Saturday, September 25, 2010


My friend, Randy, at Natchez Trace Travel asked me to jot down a few tips on what to take when doing the Trace, or any other ride for that matter. He advises these will be on his website next week. While cycling this morning, it occurred to me that I had seen many riders, whom I considered experienced, flumoxed when it came to a simple tire change. In my tips, I assumed good changing abilities, but to cover myself, I'll expand on the tire/tube changing experience.

The three most common causes of flats are: 1) Tube malfunction, e.g. the stem leaks; 2) Pinch flat, caused when you hit a hole or rock and the tire momentarily allows the tube to crash against the rim, resulting in two holes that look like a snake bite; 3) Puncture, as when glass, nail or staple, or sharp rock, penetrates the tire and tube.
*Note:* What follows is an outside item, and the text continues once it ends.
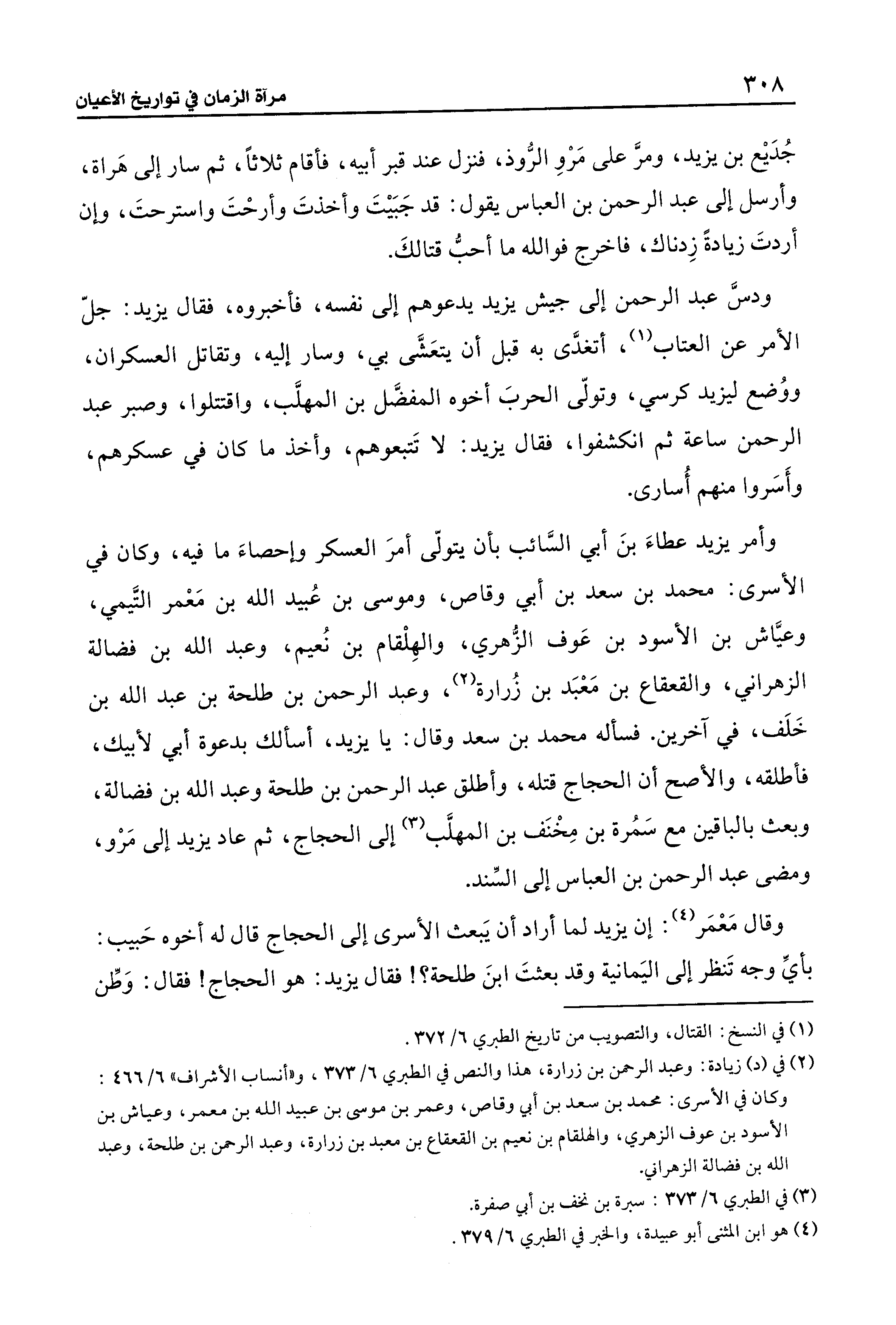 وأمر يزيد عطاءَ بنَ أبي السَّائب بأن يتولّى أمرَ العسكر وإحصاءَ ما فيه، وكان في الأسرى: محمد بن سعد بن أبي وقاص، وموسى بن عُبيد الله بن مَعْمر التَّيمي، وعيَّاش بن الأسود بن عَوف الزُّهوي، والهِلْقام بن نُعيم، وعبد الله بن فضالة الزهراني، والقعقاع بن مَعْبَد بن زُرارة (¬2)، وعبد الرحمن بن طلحة بن عبد الله بن خَلَف، في آخرين. فسأله محمد بن سعد وقال: يا يزيد، أسألك بدعوة أبي لأبيك، فأطلقه، والأصح أن الحجاج قتله، وأطلق عبد الرحمن بن طلحة وعبد الله بن فضالة، وبعث بالباقين مع سَمُرة بن مِخْنَف بن المهلَّب (¬3) إلى الحجاج، ثم عاد يزيد إلى مَرْو، ومضى عبد الرحمن بن العباس إلى السِّند.

I shan't mention operator error, when you goof up when installing the tube. We will assume this was done correctly.
If you are going on a long ride, like the 444 miles of the Natchez Trace, put new tubes in before you go, practically eliminating cause #1. Keep your tires properly inflated, thus minimizing cause #2. Use a product like Tire Tuffy, minimizing cause #3.

But, things happen. Let's assume you are cycling along (not racing) and a flat occurs. Here is what you do:
1. Find a safe and comfortable place (as best you can) to work.
2. Remove the wheel (we all hope it is the front but it usually is the rear).
3. Remove and arrange your tire changing tools and the spare tube (I use new tubes on the road, patched at home, as this cuts down on the frustration of a installing a defective tube and having to start over).
4. Before doing anything else, inspect the tire to determine the source of the flat. If found, mark the spot with the chalk you carry in your saddle pack.
5. Release one side of the tire, pull out the tube, again marking the tube at the site of the puncture before completely removing it. (I'm assuming knowledge of tire lever usage)
6. Run your fingers (slowly) around the inside of the tire, with special attention to the chalked area, to find the pin, glass etc. that caused the puncture. You may have to remove the tire completely and turn it inside-out in order to find and remove the offending object. I saw one person go through 3 tubes before an experienced traveler interceded and found the glass. Don't skip this step, even if you removed the nail (for instance) from the outside. It is an opportunity to inspect the whole tire. Once satisfied all is clean, move to the next step.
7. Blow a little air into the tube, enough to give it a round shape (maybe 10 pounds). This makes it easier to move out of the way when re-installing the tire. Be sure one side of the tire is already in place before putting in the tube.
8. Be very careful not to catch a piece of the tube with the tire lever when putting on the tire. This will cause a pinch-flat before you even get started. That is also why you put some air in the tire first.
9. After the tire is re-installed, with hands about 3 inches apart, pinch the tire away from the rim, visually making sure the tube didn't sneak out under the tire bead, all the way round the tire. This only takes about 30 seconds and is very important.
10. Air up the tire half-way. Inspect again for bulges or the tube not being inside the tire.
11. Air it up completely. You are finished, except for cleaning up and putting the wheel back on.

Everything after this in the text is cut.